Os jovens actores abandonaram os ensaios do “Imprevisto” e viraram-se para “A Fedra” do dramaturgo basco Miguel de Unamuno, com a qual prestaram provas em 31 de Agosto de 1964 perante o Júri do Concurso de Arte Dramática. Em ambos os concursos o Grupo não conseguiu apurar-se para a fase final a realizar no Teatro da Trindade em Lisboa.
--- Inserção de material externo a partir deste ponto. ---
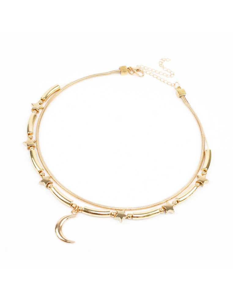 Collar de doble cadena con dijes y piezas pasantes de CCB dorados.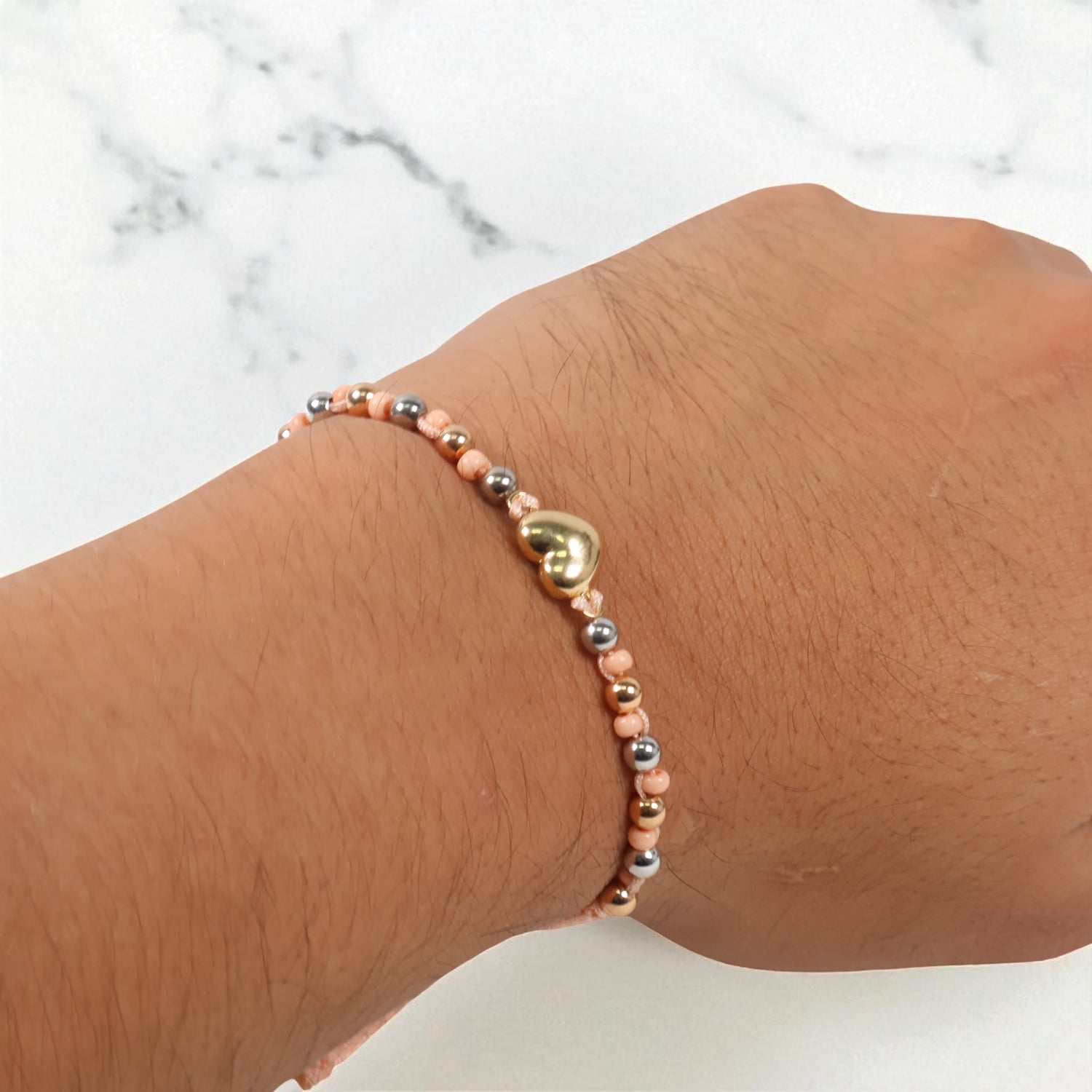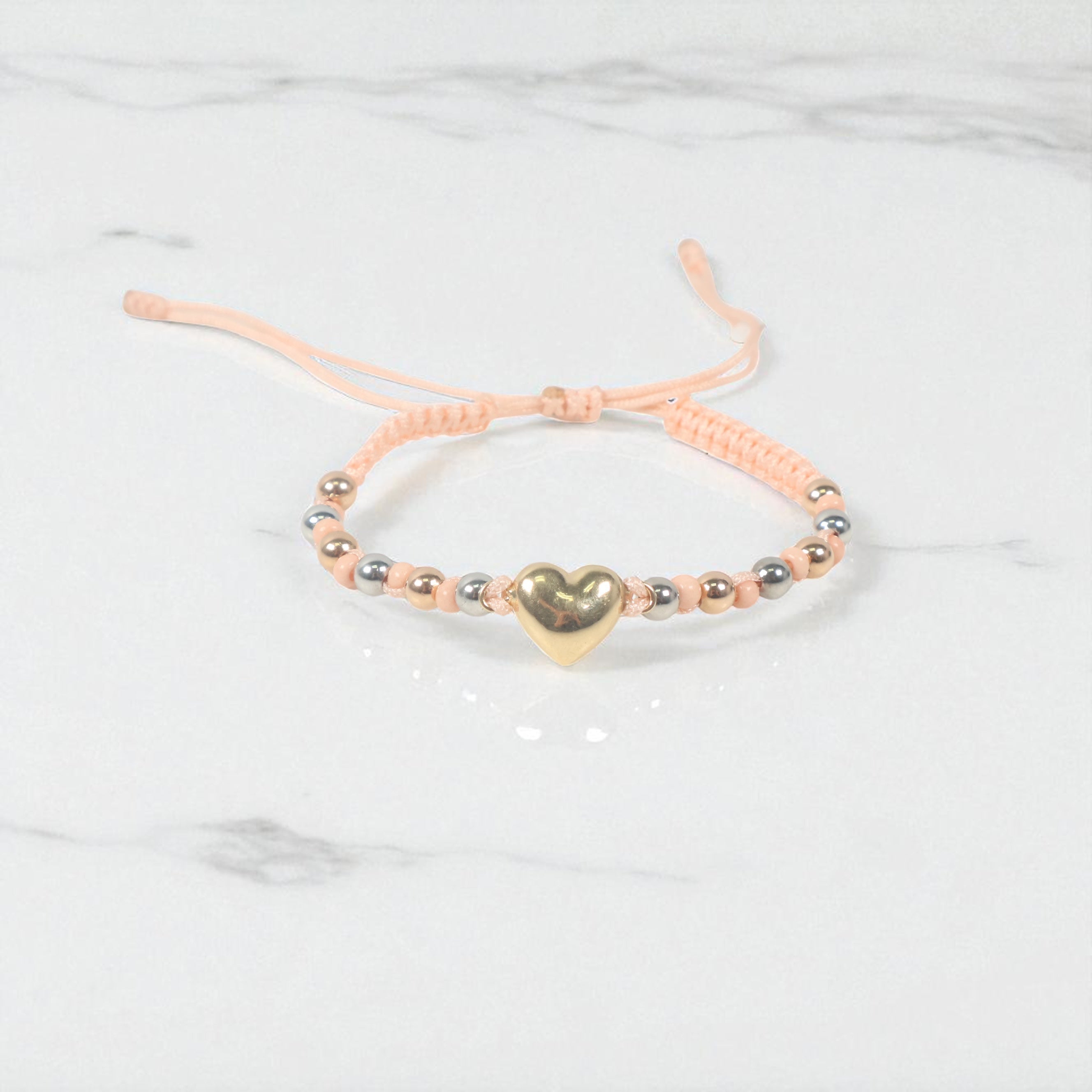 18K 2 Tone Heart-Smooth Balls Bracelet Tejido / 1.59gr / Adjustable /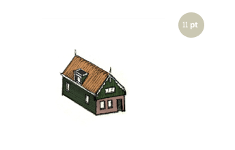 Kleur: groen, rood-bruin (steen), witte accenten.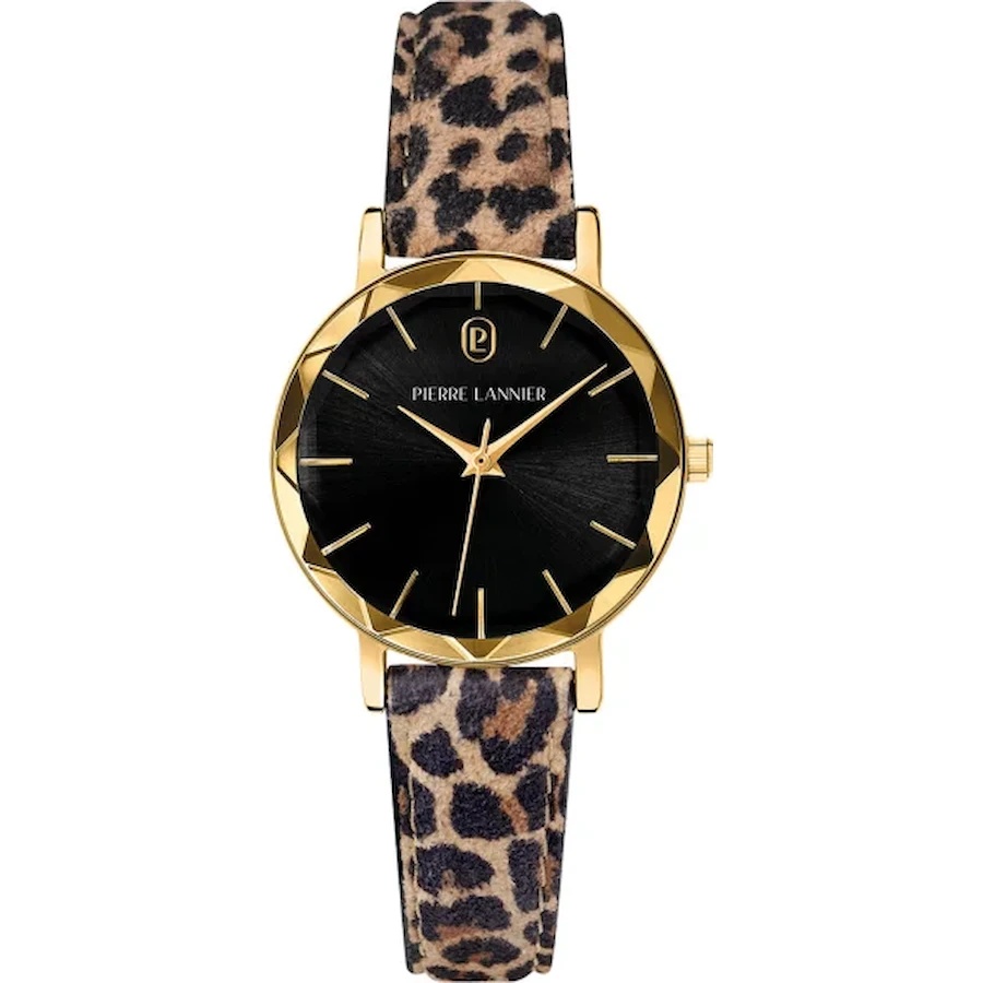 Женские кварцевые часы. Центральные часовая, минутная и секундная стрелки. Черный циферблат. Круглый корпус выполнен из нержавеющей стали с IP покрытием цвета желтого золота. Диаметр корпуса составляет 30 мм, толщина 7,3 мм. Леопардовый кожаный ремешок (нубук) шириной 14 мм, стандартная застежка. Прочное минеральное стекло устойчивое к мелким механическим повреждениям. Водостойкость WR 50 (мытье рук, дождь).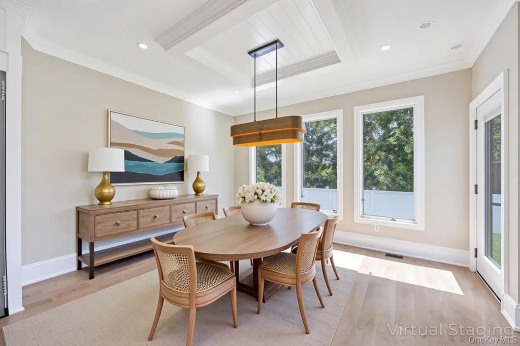 - Dining area with light wood-type flooring, crown molding, and recessed lighting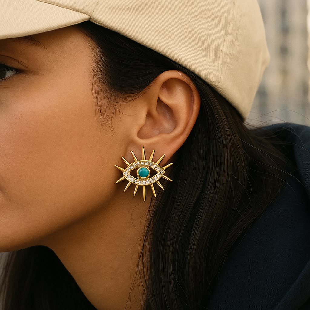 Boucles d'oreilles acier inoxydable plaqué or 18 carats, en zircon bleu turquoise blanc et œil de diable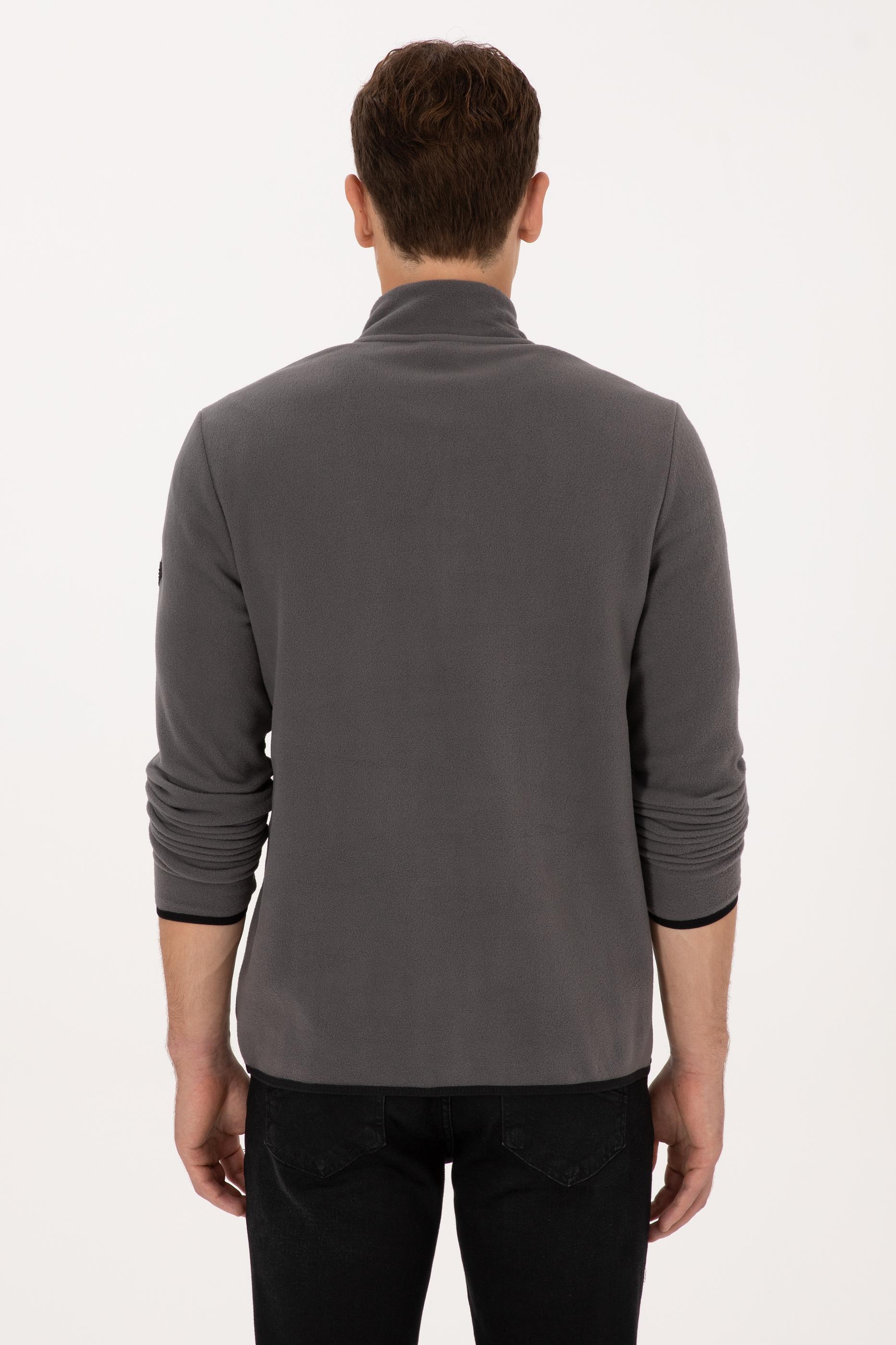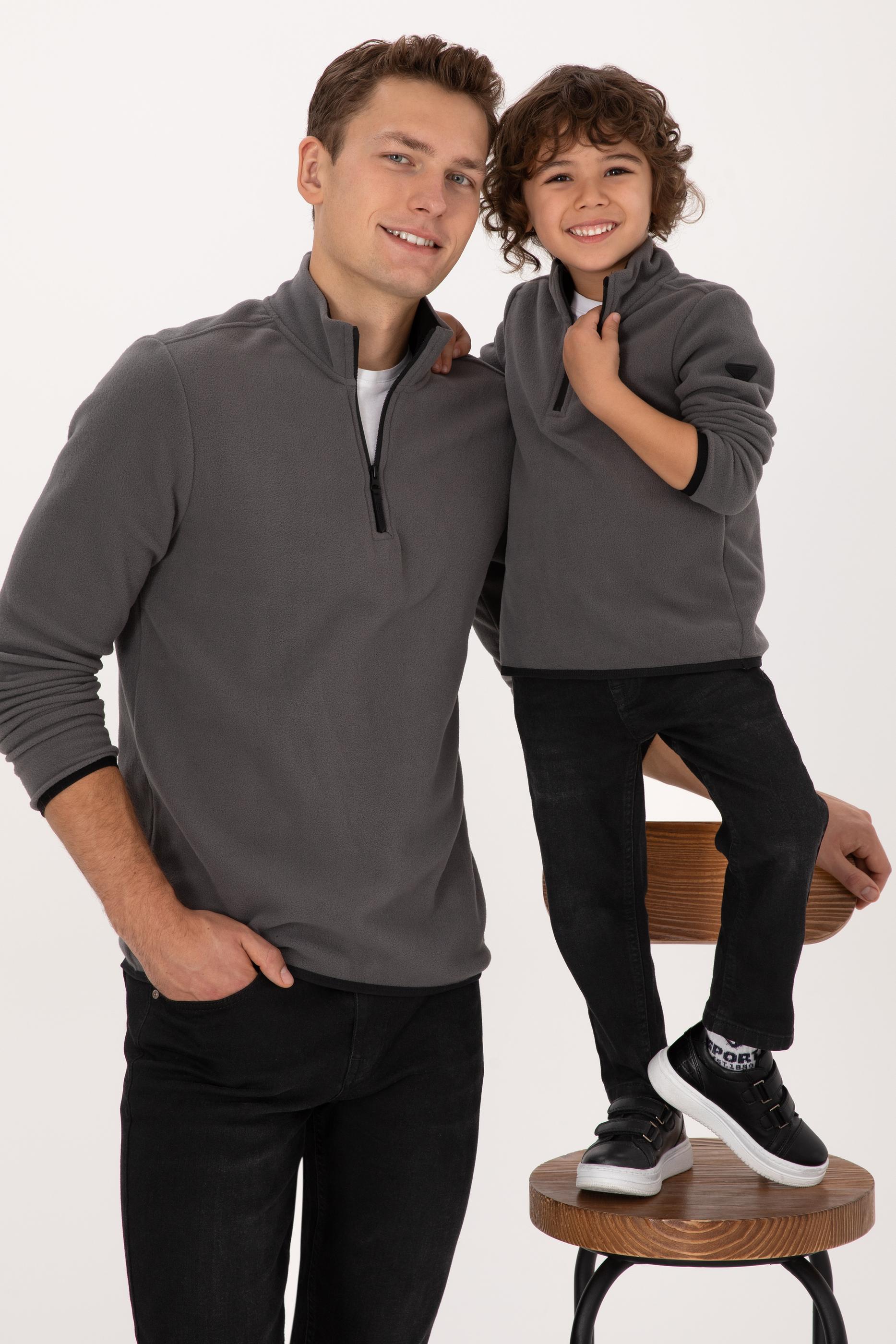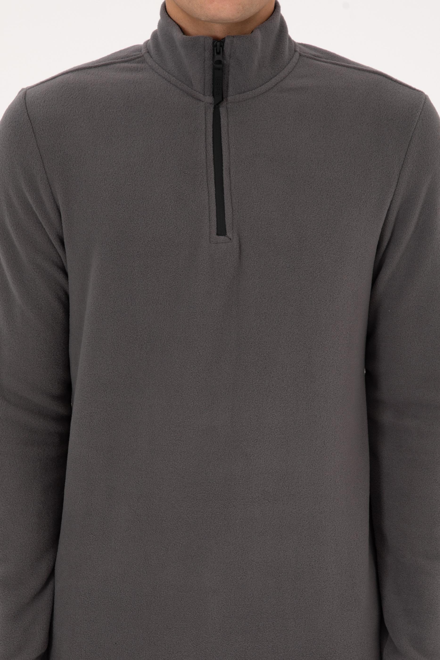 - Erkek Regular Fit Gri Polar Yarım Fermuarlı Basic Sweatshirt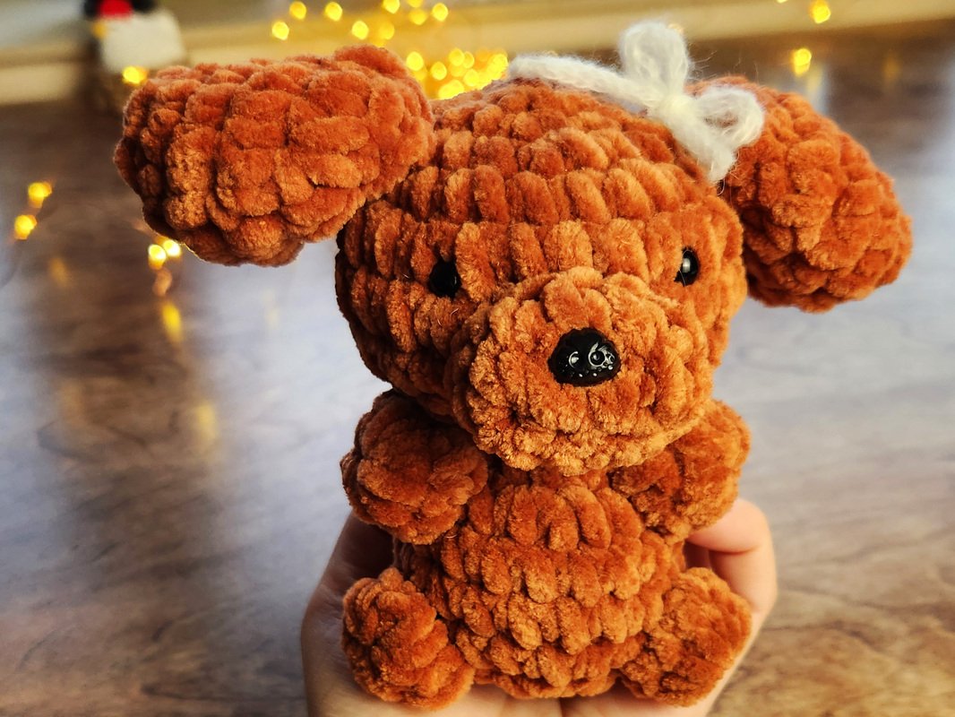 Crochet the head and body as a single piece, then sew on the ears, muzzle, and legs.
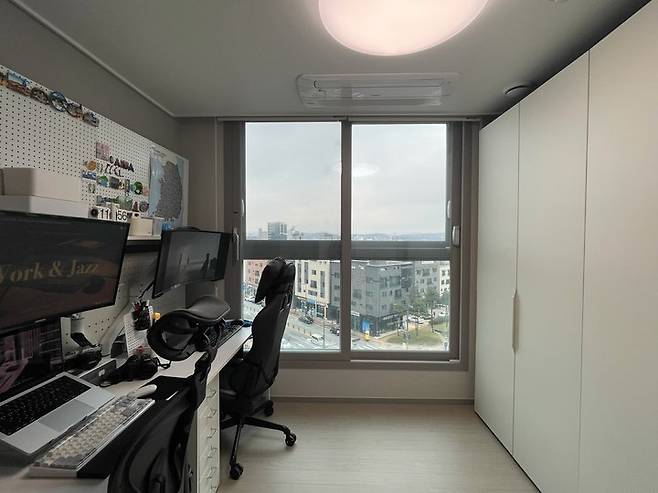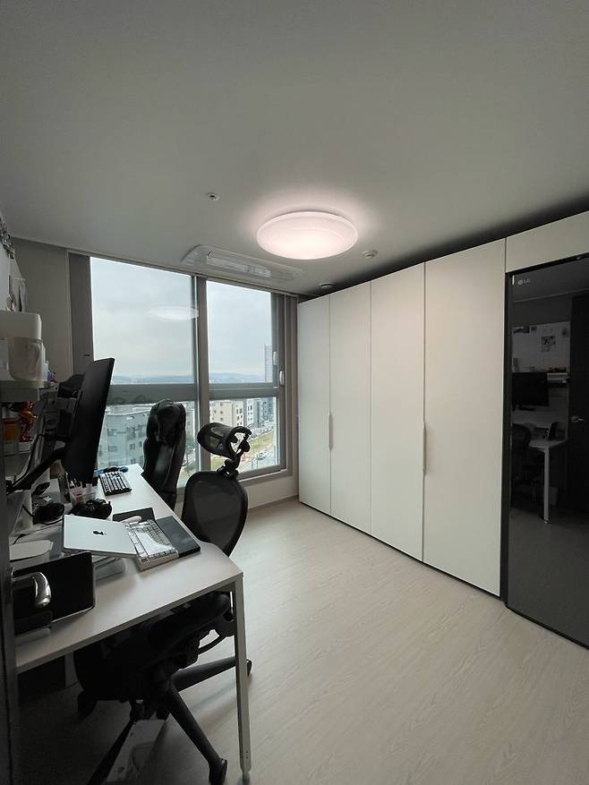 저희 집 작은방입니다. 작은방은 드레스룸과 작업실을 함께 사용하고 있어요. 동향의 창이 있어 낮에는 쾌적한 하늘을, 밤에는 멋진 야경을 볼 수 있는 공간이에요.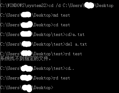 #切换目录:cd(change directory),通过/d参数可以实现跨盘符切换,如cd /d E:\我的图片+回车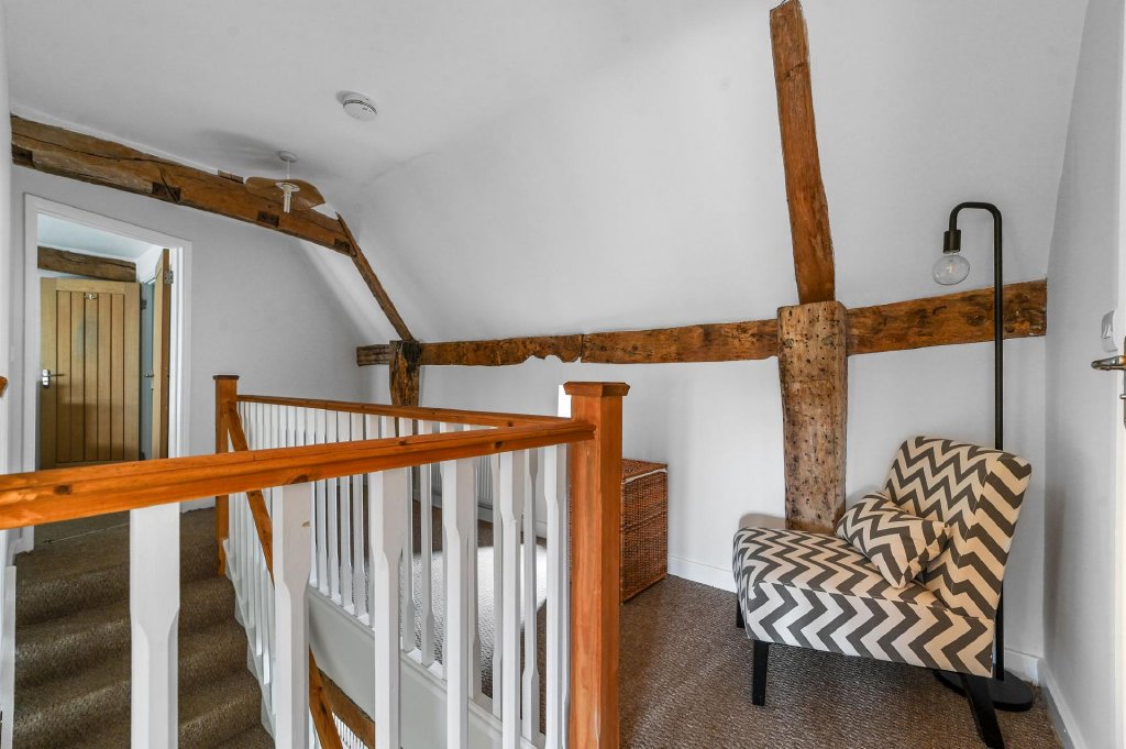 Stepping through the practical porch into the internal hallway, the utility room is straight ahead, perfect for taking off walking boots and coats, school bags, and footy kits! Tucked behind the door, is the cupboard with the water heater and to the right is the ground floor cloakroom. At the heart of the home lies a spacious kitchen with generous storage and workspace, making creating a culinary feast an enjoyable task. The hallway then leads to an L - shaped dining area, thoughtfully designed for both everyday living and entertaining. The current owners have held fabulous Christmas dinners here, hosting 14 around the table and then sprawling out to the sitting room for a snooze or to play games. The layout allows for connection and flow while maintaining defined, welcoming spaces. A door from the dining room leads to the generous sitting room, warm and inviting, centred around a handsome exposed brick fireplace where if desired, an electric log burner could be installed, perfect for cosy evenings throughout the seasons. A soft, natural colour palette flows throughout the home, allowing weathered beams to take centre stage and offering a refined yet neutral canvas ready for you to add your own individual touch. Character features abound, including beautifully wonky beams that celebrate the property's heritage, harmoniously balanced with modern comforts for contemporary living.
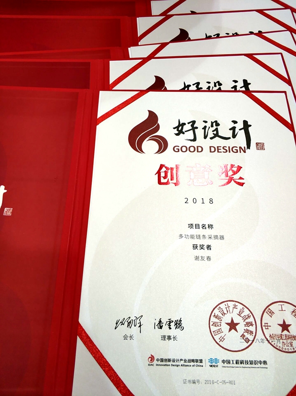 南充校区学生罗豪、吉克拉一、陈馨、杨吉鑫、赵博伟在潘波、谢友春老师的悉心指导下,历时近2年,不断改进设计作品,最终设计完成的作品“多功能链条采摘器”喜获2018度中国创新设计 “好设计创意奖”。2018 “好设计创意奖”为我校首次获得,实现了我校角逐“好设计奖”历史性的突破,充分展现了南充校区积极开展“新工科”教学实践取得的成效。

Como compensação, foram distribuídos pelos grupos não apurados – Diplomas de Participação.
O jovem Grupo Cénico “Os Montemorenses” foi o primeiro grupo montemorense a participar no Concurso de Arte Dramática, e o primeiro a surgir nos ecrãs dos televisores.
Passaram pelo Grupo, além dos fundadores, os seguintes amadores: Inocência da Glória Grafino, Leonor Aurora, Manuela Saloio Salgueiro, Maria Guilhermina Ovelheira “Bébia”, António Chocolateira, António Joaquim Barreiros, António José Costa Brejo, António Manços Grafino, Arnaldo Calhau Teixeira, Bernardino Nabo, Carlos Alberto Macedo, Flamínio Carranca, Francisco Barreto, Henrique Daniel Tanganho de Oliveira e Silva, João Abrantes Caldeira, João Alberto Salgueiro, José Luís Jardim, José Manuel Tabuleiros, Manuel Jacinto Maurício e os consagrados Francisco Mareco e Abreu Bastos, que colaborou na caracterização.
Desmotivados pelo facto de serem forçados a substituir a peça reprovada pela Censura, acontecimento que os penalizou, pois foram obrigados a esquecer dezenas e dezenas de horas de ensaios, e avançarem para um novo projecto a pouco tempo da sua participação no concurso, os jovens actores disseram basta, e o Grupo Cénico “Os Montemorenses” suspendeu a actividade em 1964, e nunca mais a retomou.